Similar to a clothing or diet fad, “carpal tunnel” was another catchy social trend that everyone seemed to have had, at one point or another. Anyone using a computer at work or at home appeared to have the symptoms, and there was no end in sight. Even though we still encounter carpal tunnel in our practice, it seems to be at a lesser extent these days. Maybe the incidence went down with the demise of the Blackberry.. All jokes aside, the condition still exists, and there are plenty of people who are affected.

Do you have it? Let’s go over the basics.

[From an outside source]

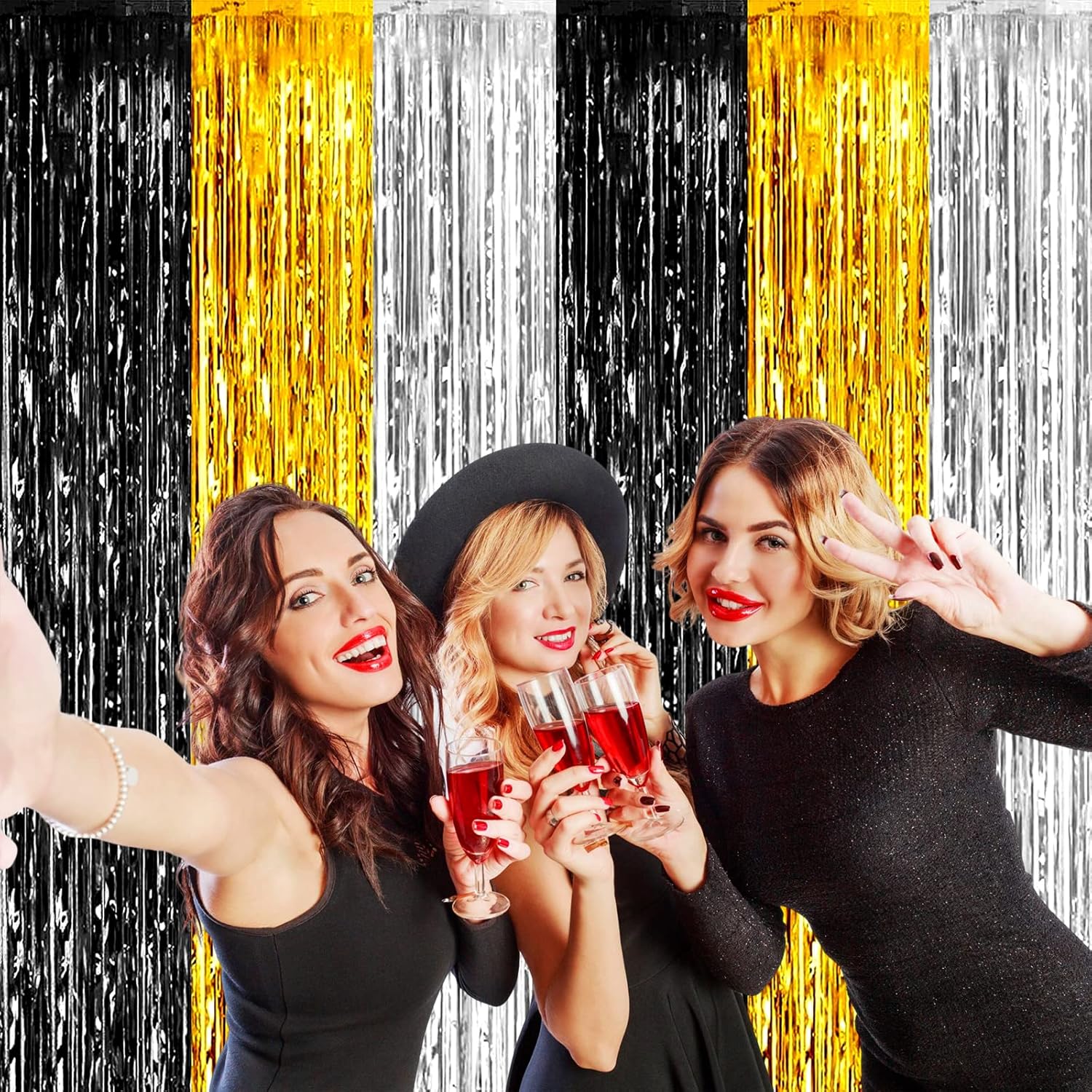 4 Pack Black Gold Silver Foil Fringe Curtain Backdrop, 3.28Ft x 9.8Ft Metallic Tinsel Foil Fringe Streamers for Photo Booth, Wedding, Notorious One Birthday Roaring 20s Graduation Party Decoration

When people say “I have carpal tunnel,” typically they refer to carpal tunnel syndrome. Everyone has a carpal tunnel. It’s located in the base of the hand and appears as a narrow passage, sort of like an upside down arch that is covered by a strong ligament. This tunnel houses the median nerve and tendons going to the digits. Occasionally the tendons within the carpal tunnel can thicken or become irritated due to swelling and cause increased pressure on the median nerve. As the nerve is compressed within the carpal tunnel, the function of the median nerve becomes impaired resulting in abnormal sensation accompanied by numbness, tingling, pain, weakness, and muscle atrophy in long standing cases. The pain one typically experiences may indicate another condition, but carpal tunnel syndrome is the most common and widely known of the peripheral nerve entrapment conditions where a nerve begins to function abnormally due to a compression or traumatic injury.

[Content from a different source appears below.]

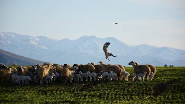 Sürü sahibi Seçkin Ekici, köpeğinin koyunlara hiçbir şeyi yaklaştırmadığını belirterek, "Köpeğimi Sivas'tan getirttim. Gerçekten harika bir köpek. Demirören Haber Ajansı (DHA) koyun ve kuzularımızı çekmek için bu bölgeye geldi. Dron, koyunların üstüne geldiği anda köpek 5 metre sıçrayarak havada kaptı" diye konuştu.

Carpal tunnel syndrome can be caused by a variety of conditions including but not limited to diabetes, hypothyroidism, wrist fractures, dislocations of the wrist, rheumatoid arthritis, osteoarthritis, pregnancy, inflammation, fluid retention and in rare instances tumors. The condition is most often seen in female patients over 40 years of age. Commonly patients affected by carpal tunnel syndrome perform activities requiring a strong grasp, vibration from tools of equipment and cold exposure (all 3 have to be represented) as studies have shown that each one of the aggravating factors are not likely to cause CTS on their own. Functional use of the affected hand will typically exacerbate the symptoms, often due to poor posture and body mechanics.

To confirm a diagnosis of CTS, we recommend a visit to an orthopedic or hand specialist. Basic provocative testing will usually provide a quick confirmation of the diagnosis, but conclusive results may require a more extensive testing.

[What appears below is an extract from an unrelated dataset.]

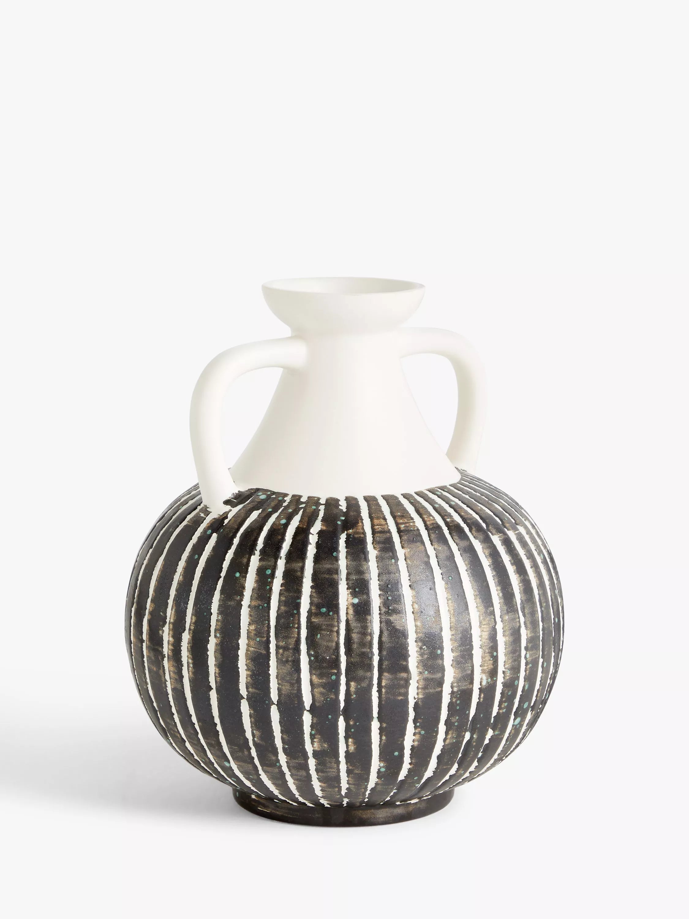 Shaped like an Ancient Greek amphora vase we've given the bulbous belly of this vase a striped design to immediately draw the eye to it.

In the early stages your symptoms may be relieved with conservative treatment such as splint at night, activity modification, ergonomics and rest. If conservative treatment has failed, a carpal tunnel release may be indicated. The goal of the surgery is to relieve pressure by cutting the ligament that forms the roof of the carpal tunnel. This in turn creates additional space for the structures within the tunnel and relieves pressure previously exerted on the median nerve. After the surgery is complete you may experience soreness around the incision, stiffness in the wrist and digits and your feeling in the fingertips may not immediately return to normal.

Following surgery, therapy may be indicated, but is not mandatory. Many patients are able to work through these issues independently but we strongly recommend seeing a hand therapy specialist even if it is a one-time visit only to get you set up with a successful home exercise program. Regaining full strength and feeling in the fingers may take a while, so be patient.